What is needed is a word-for-word transcript of the listing, free of pictures.
━━━━━━━━
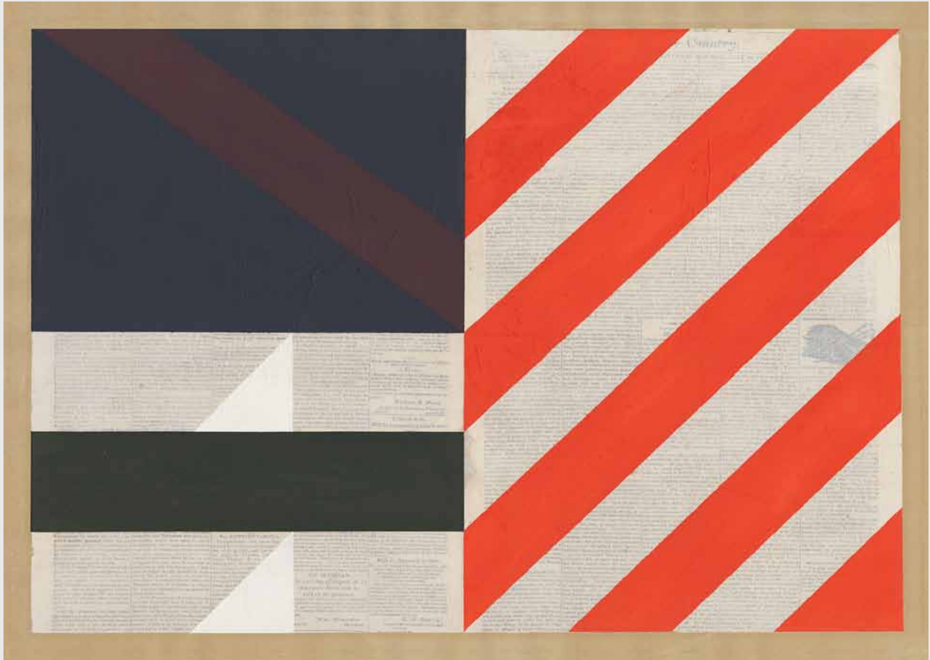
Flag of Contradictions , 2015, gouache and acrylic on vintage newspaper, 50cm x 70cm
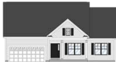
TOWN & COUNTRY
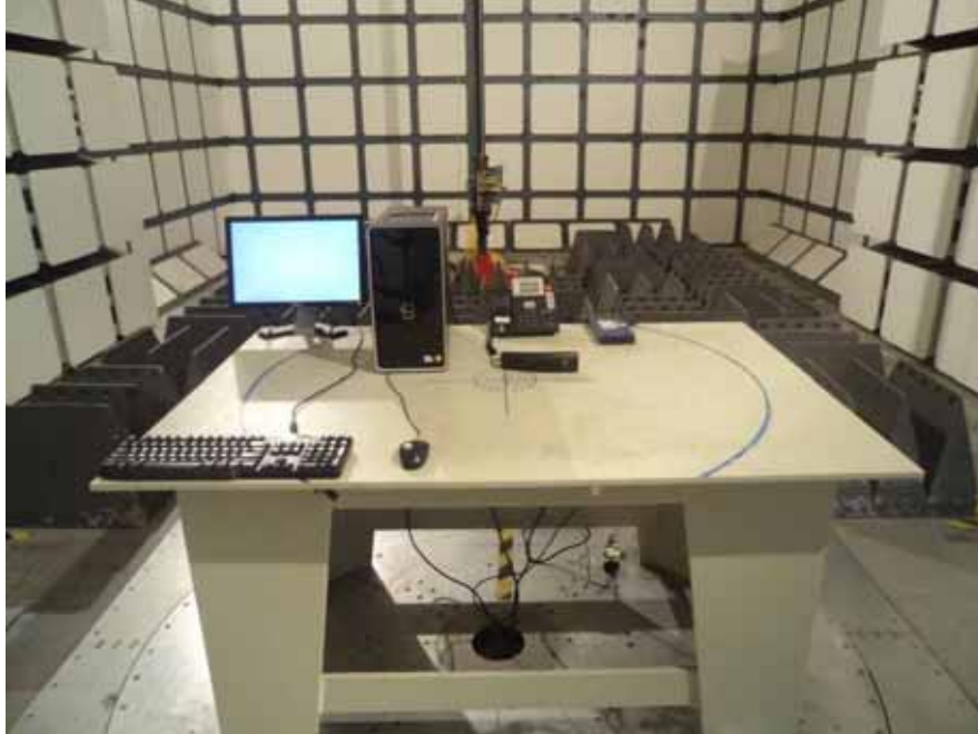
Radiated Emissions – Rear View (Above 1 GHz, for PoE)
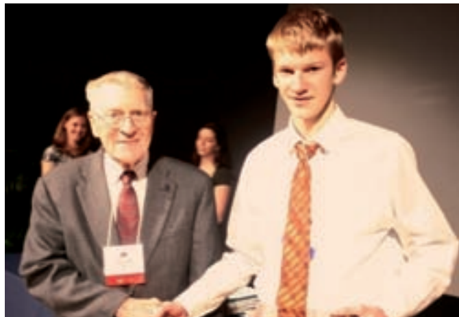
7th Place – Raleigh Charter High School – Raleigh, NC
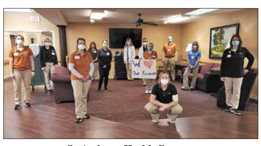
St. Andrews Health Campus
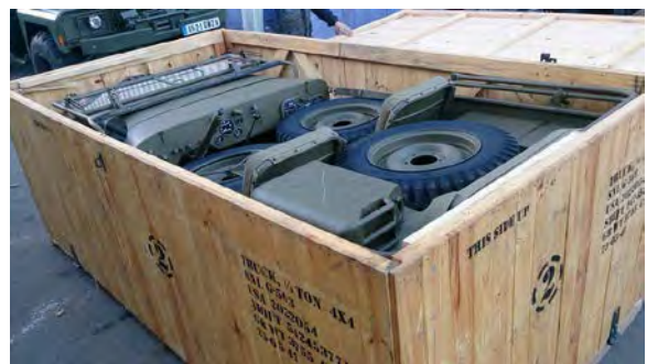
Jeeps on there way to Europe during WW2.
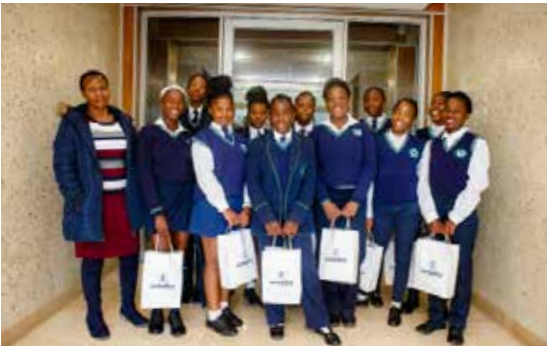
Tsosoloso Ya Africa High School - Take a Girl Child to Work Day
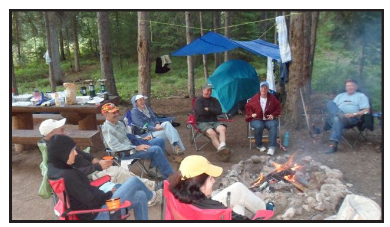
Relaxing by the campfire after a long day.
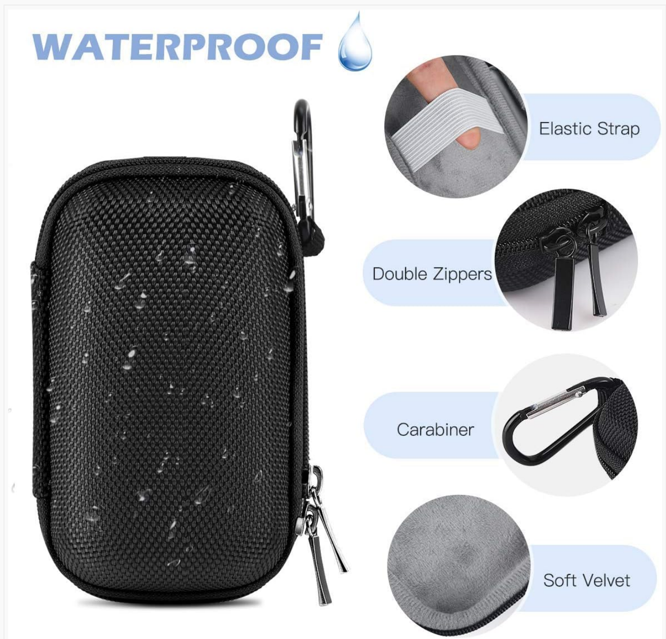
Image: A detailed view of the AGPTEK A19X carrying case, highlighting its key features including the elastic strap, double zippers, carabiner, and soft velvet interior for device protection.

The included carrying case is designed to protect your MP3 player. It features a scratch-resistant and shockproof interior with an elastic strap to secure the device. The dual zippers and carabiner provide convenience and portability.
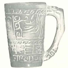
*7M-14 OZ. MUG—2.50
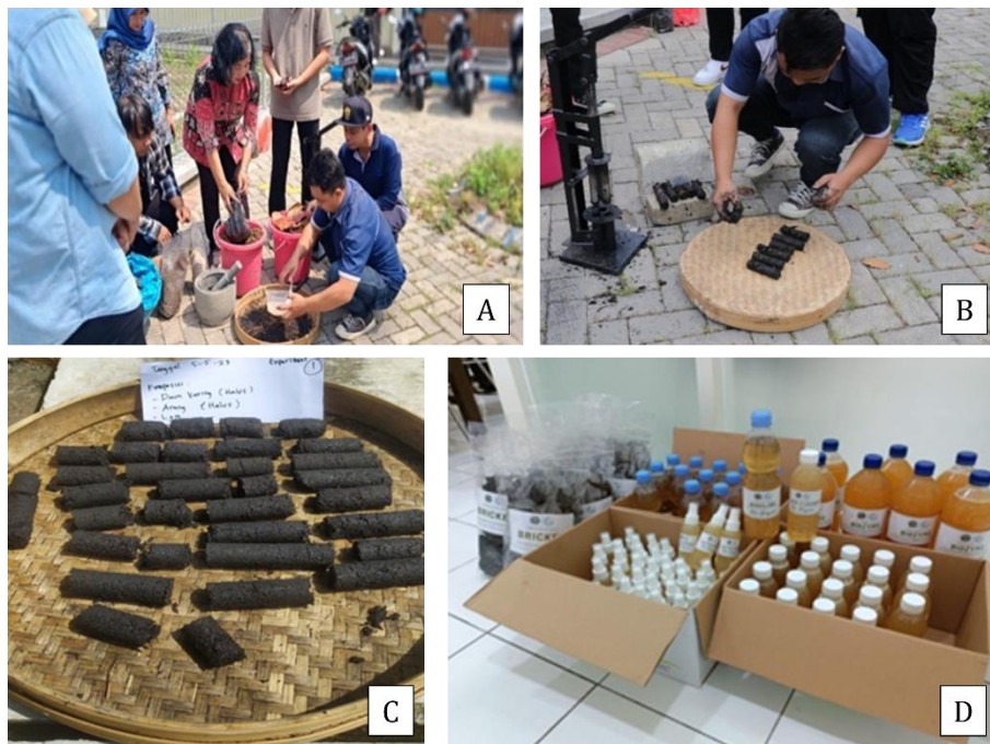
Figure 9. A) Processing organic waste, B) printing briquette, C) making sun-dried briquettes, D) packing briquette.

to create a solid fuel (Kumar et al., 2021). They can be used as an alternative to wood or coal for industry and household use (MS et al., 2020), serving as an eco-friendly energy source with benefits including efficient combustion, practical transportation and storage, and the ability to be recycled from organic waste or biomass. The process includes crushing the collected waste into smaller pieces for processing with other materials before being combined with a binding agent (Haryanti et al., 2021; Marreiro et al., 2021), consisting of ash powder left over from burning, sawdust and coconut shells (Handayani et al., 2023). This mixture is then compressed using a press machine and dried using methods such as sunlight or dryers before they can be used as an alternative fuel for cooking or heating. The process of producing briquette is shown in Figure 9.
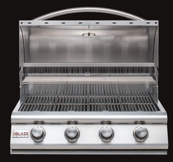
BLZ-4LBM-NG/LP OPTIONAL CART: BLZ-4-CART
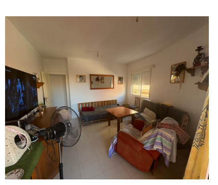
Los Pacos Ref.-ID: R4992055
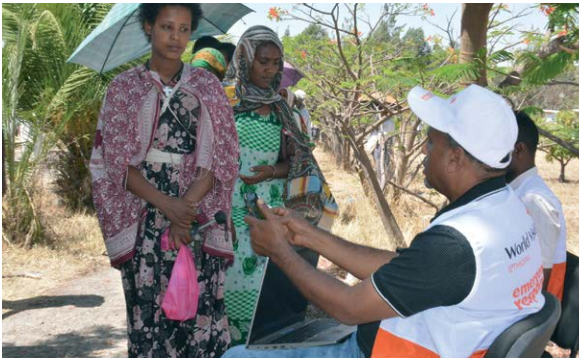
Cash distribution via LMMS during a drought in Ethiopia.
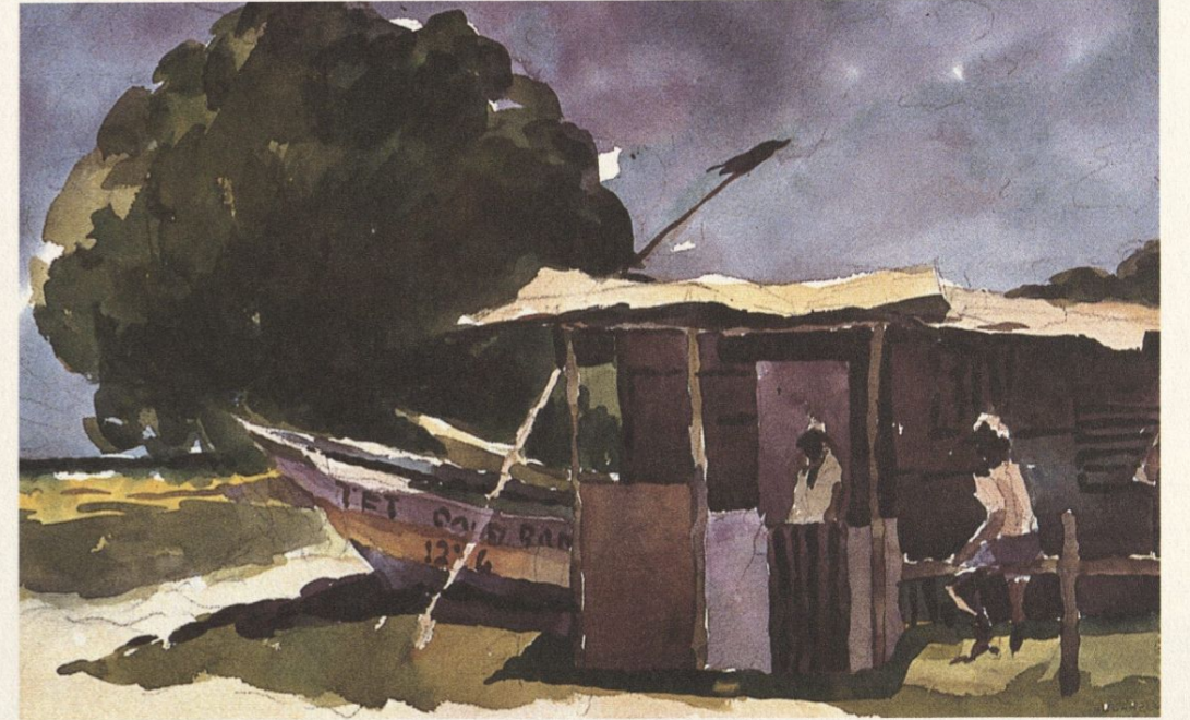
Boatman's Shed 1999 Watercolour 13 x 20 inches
━━━━━━━━
EXERCISE RESPONSE:
Flag of Contradictions , 2015, gouache and acrylic on vintage newspaper, 50cm x 70cm
TOWN & COUNTRY
Radiated Emissions – Rear View (Above 1 GHz, for PoE)
7th Place – Raleigh Charter High School – Raleigh, NC
St. Andrews Health Campus
Jeeps on there way to Europe during WW2.
Tsosoloso Ya Africa High School - Take a Girl Child to Work Day
Relaxing by the campfire after a long day.
Image: A detailed view of the AGPTEK A19X carrying case, highlighting its key features including the elastic strap, double zippers, carabiner, and soft velvet interior for device protection.

The included carrying case is designed to protect your MP3 player. It features a scratch-resistant and shockproof interior with an elastic strap to secure the device. The dual zippers and carabiner provide convenience and portability.
*7M-14 OZ. MUG—2.50
Figure 9. A) Processing organic waste, B) printing briquette, C) making sun-dried briquettes, D) packing briquette.

to create a solid fuel (Kumar et al., 2021). They can be used as an alternative to wood or coal for industry and household use (MS et al., 2020), serving as an eco-friendly energy source with benefits including efficient combustion, practical transportation and storage, and the ability to be recycled from organic waste or biomass. The process includes crushing the collected waste into smaller pieces for processing with other materials before being combined with a binding agent (Haryanti et al., 2021; Marreiro et al., 2021), consisting of ash powder left over from burning, sawdust and coconut shells (Handayani et al., 2023). This mixture is then compressed using a press machine and dried using methods such as sunlight or dryers before they can be used as an alternative fuel for cooking or heating. The process of producing briquette is shown in Figure 9.
BLZ-4LBM-NG/LP OPTIONAL CART: BLZ-4-CART
Los Pacos Ref.-ID: R4992055
Cash distribution via LMMS during a drought in Ethiopia.
Boatman's Shed 1999 Watercolour 13 x 20 inches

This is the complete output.